The reasons continued:
The Society, in argument, was asked whether two declined dinner invitations, made by a lawyer to a client … would constitute professional misconduct in which disbarment would be presumed. The Society confirmed that this accurately reflected their position. Given the nature of human interaction, one can certainly envision circumstances when it could be difficult for the lawyer issuing the invitation to discern whether it was “unwelcome” or “unwanted”. In such circumstances, it would be unreasonable to presume disbarment if the unwelcome nature of the invitation was ultimately proven.

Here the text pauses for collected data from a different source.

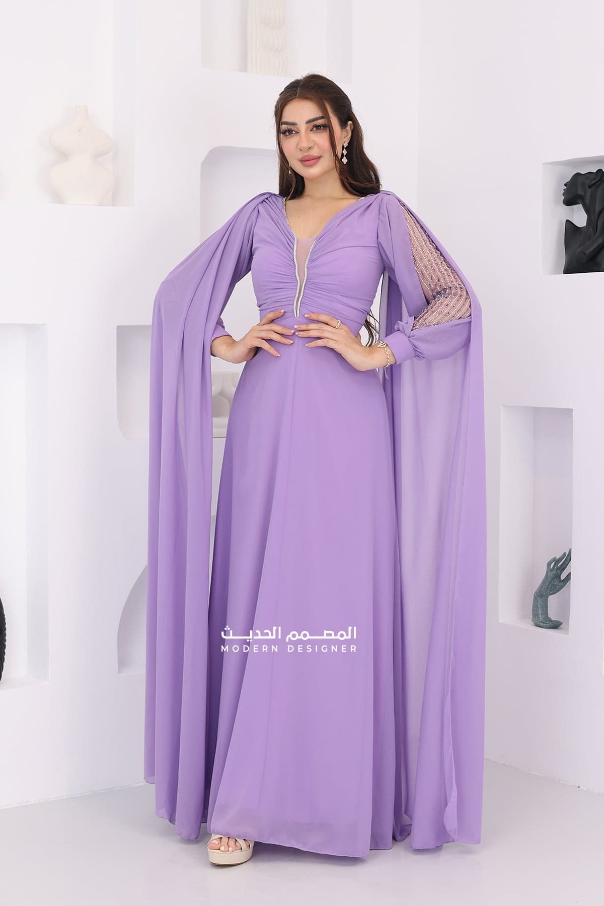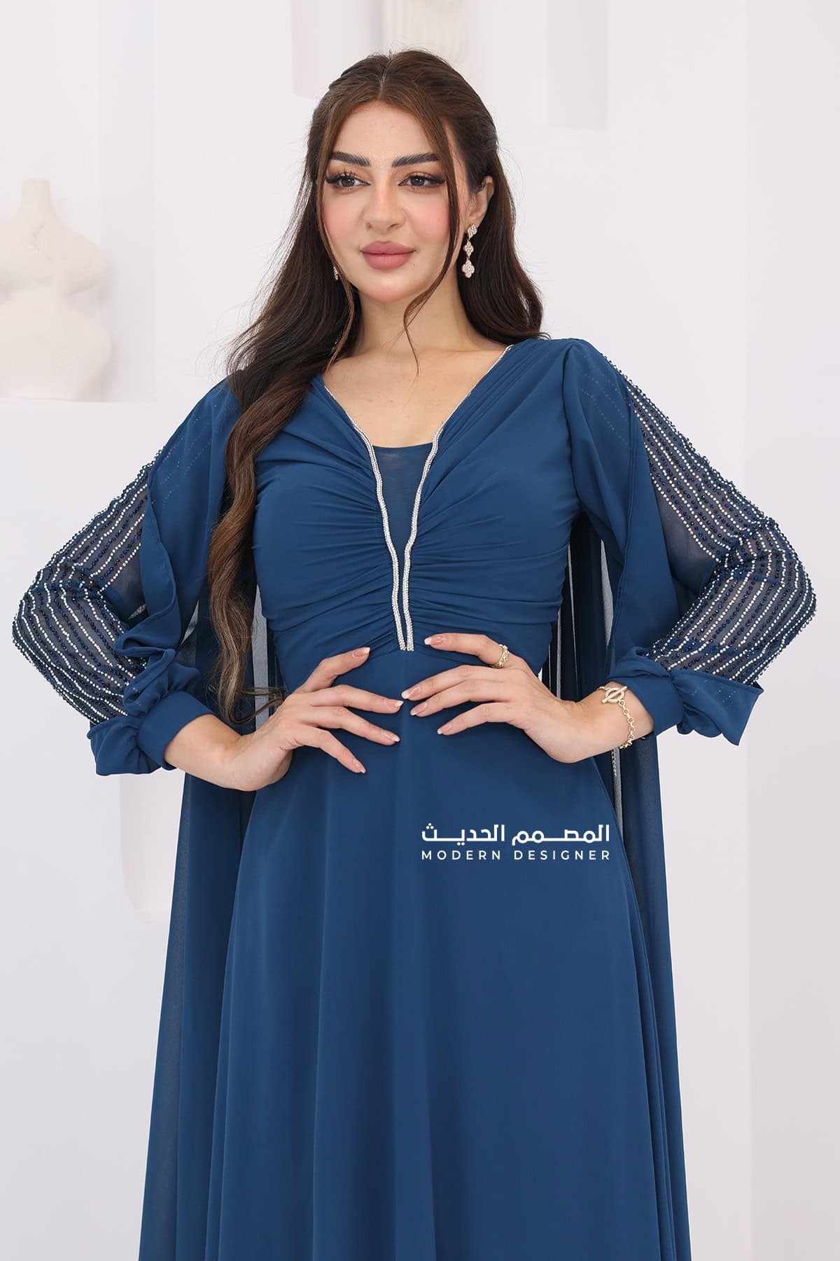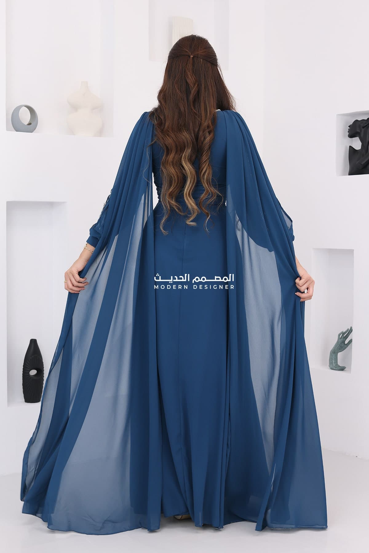 فستان سهرة بأكمام كيب يتميز الفستان بأكمامه الانيقة وتطريز على الاكمام ليعطيه مظهرا انيقا لكي يصبح من أفضل فساتين السهرة في براند المصمم الحديث حيث صنع الفستان من خامة الشيفون لكي يعطيك اطلالة مميزة في جميع المناسبات
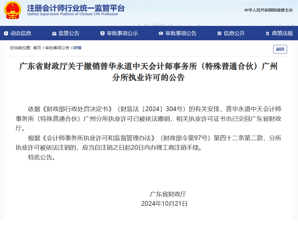 南财快讯记者注意到,注册会计师行业统一监管平台于10月披露了广东省财政厅关于撤销普华永道中天会计师事务所(特殊普通合伙)广州分所执业许可的公告。
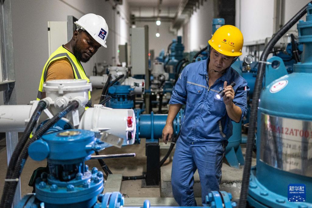 在喀麥隆南部大區(qū)的曼維萊水電站,喀麥隆電力發(fā)展公司工程師恩塔姆·埃馬紐埃爾·圖(左)與中國工程師彭春生進(jìn)行巡檢(6月30日攝)。
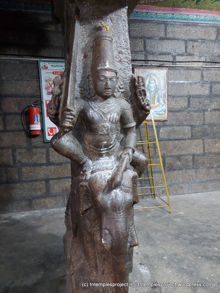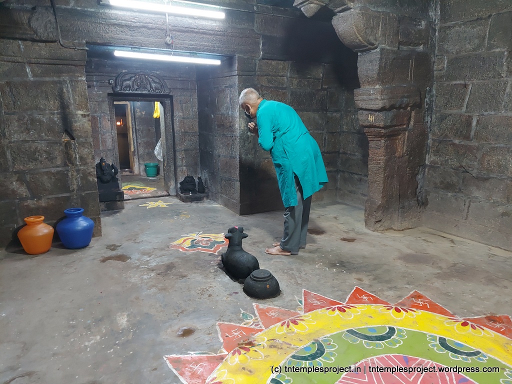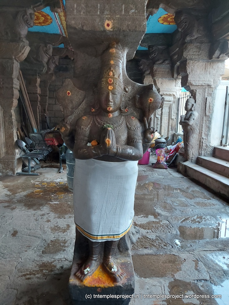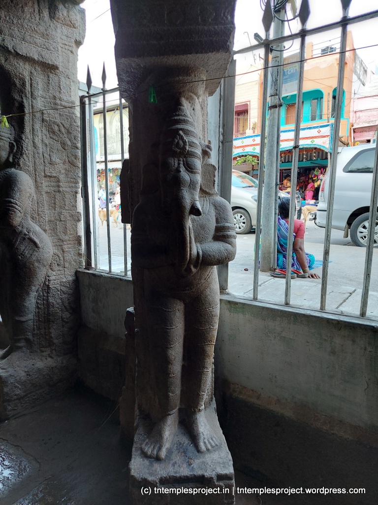 Despite being a small temple, it stays true to agamic principles, including a separate Nandi for Meenakshi Amman. The structural temple is from the Pandya period, and is therefore a repository of some very interesting and unique architecture and depictions. These include: Siva and Parvati on Rishbaha Vahanam, Vinayakar depicted standing in a fire-pit and worshipping His parents, Parvati on the Kalpaka Vriksham, Perumal praying to Siva, Vinayakar riding on a bunch of bootha-ganas as His vehicle, Veerabahu with a club instead of his sword, etc.
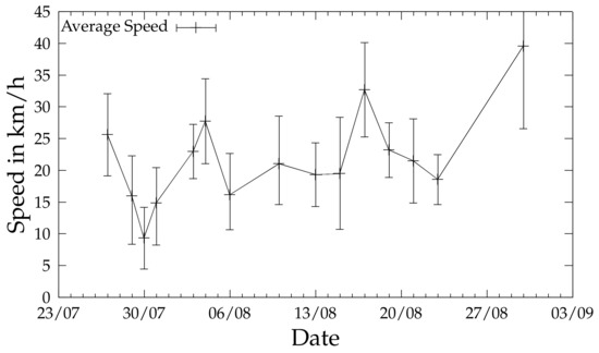 where i points to one of the dates selected and j points to the speed records of that . Based on the professional drivers’ traffic estimations, the busiest time of the season starts around the end of July and ends around the 21st of August. Their testimony is confirmed by the data recorded during that period. As seen in the Figure 7 the recorded average speed of the vehicles until the 21st of August ranges between 15 and 25 km/h. From that point on the speed keeps increasing slightly since the busiest time of the season has ended and the center of the town is not as crowded as before. By the beginning of September the speed is already significantly higher, compared to those of the aforementioned dates.
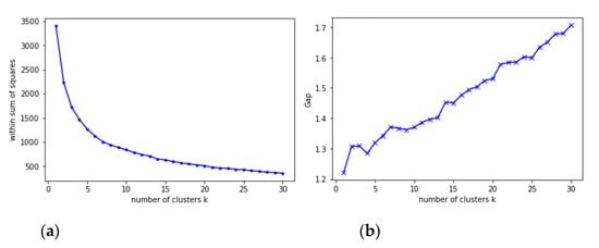 We then implemented the K-means clustering algorithm with the improvements proposed by [15], and we chose the number of clusters based on the gap statistic proposed by [16], analyzing up to 30 clusters and using the uniform distribution as the reference distribution. The results for the within sum of squares and the gap curve are shown in Figure 1.

The appeal panel ordered a new hearing in the Neinstein case. The law society appealed this decision to the divisional court, which, in March 2007, ruled that Neinstein was indeed guilty of professional misconduct, but agreed that disbarment was an unreasonable penalty. It would be more appropriate, said the court, to suspend Neinstein for twelve months. Neinstein is appealing his twelve-month suspension.22
The chairman of the original law society panel hearing the Neinstein case (which decided in June 2004 that Neinstein should be disbarred for sexually harassing a client) was George Hunter, senior partner of the blue-chip firm Borden Ladner Gervais. In June 2005, Hunter was elected treasurer of the Law Society of Upper Canada, and, shortly thereafter, president of the Federation of Law Societies, thus becoming the most powerful representative and regulator of Ca
nadian lawyers. In December 2005, Hunter suddenly resigned both positions, and went on medical leave from his law firm, citing vague family and personal reasons (Hunter is married and has two children). Many rumours circulated, but it was not until September 2006 that journalist Cristin Schmitz broke the story in the Ottawa Citizen: “A respected senior partner of a national law firm … is under investigation by Ontario’s law society after his intimate relationship with a divorced client turned sour.”23 The relationship between Hunter and JH, whom Hunter was representing in a bitter divorce, had lasted at least two and a half years, starting well before Hunter chaired the Neinstein panel. In a later story, Schmitz described a document that Hunter drafted and asked JH to sign in November 2005 without giving her the opportunity to seek independent legal advice (once JH signed, Hunter unwisely confessed to her a number of simultaneous affairs). In this document, JH “acknowledged” that her personal relationship with Hunter had no effect on their professional relationship.24 Kirk Makin, justice reporter for The Globe and Mail, gave details of a notice filed in September 2006 by the law society that led to a disciplinary hearing into allegations that Hunter engaged in professional misconduct:25
It alleges that Mr. Hunter went so far as to show up at JH’s home to try to persuade her to tell his law partners that he had behaved properly—an unexpected visit that caused JH “concern and emotional distress,” the notice says. Mr. Hunter then launched a phone and e-mail campaign to get her to agree to his request, the notice says.
It also alleges that during the course of their relationship, Mr. Hunter did not provide JH with competent advice on issues involving access to her daughter and supervision for the child during visits with her ex-husband.
“You failed to take appropriate action to protect the interests of JH’s daughter after you were notified by JH, on or about June 5, 2005, that her daughter had been injured while in the care of JH’s ex-husband.” The allegations note that throughout their 2-year relationship, JH was “emotionally vulnerable,” yet Mr. Hunter failed to recommend that she obtain independent legal advice.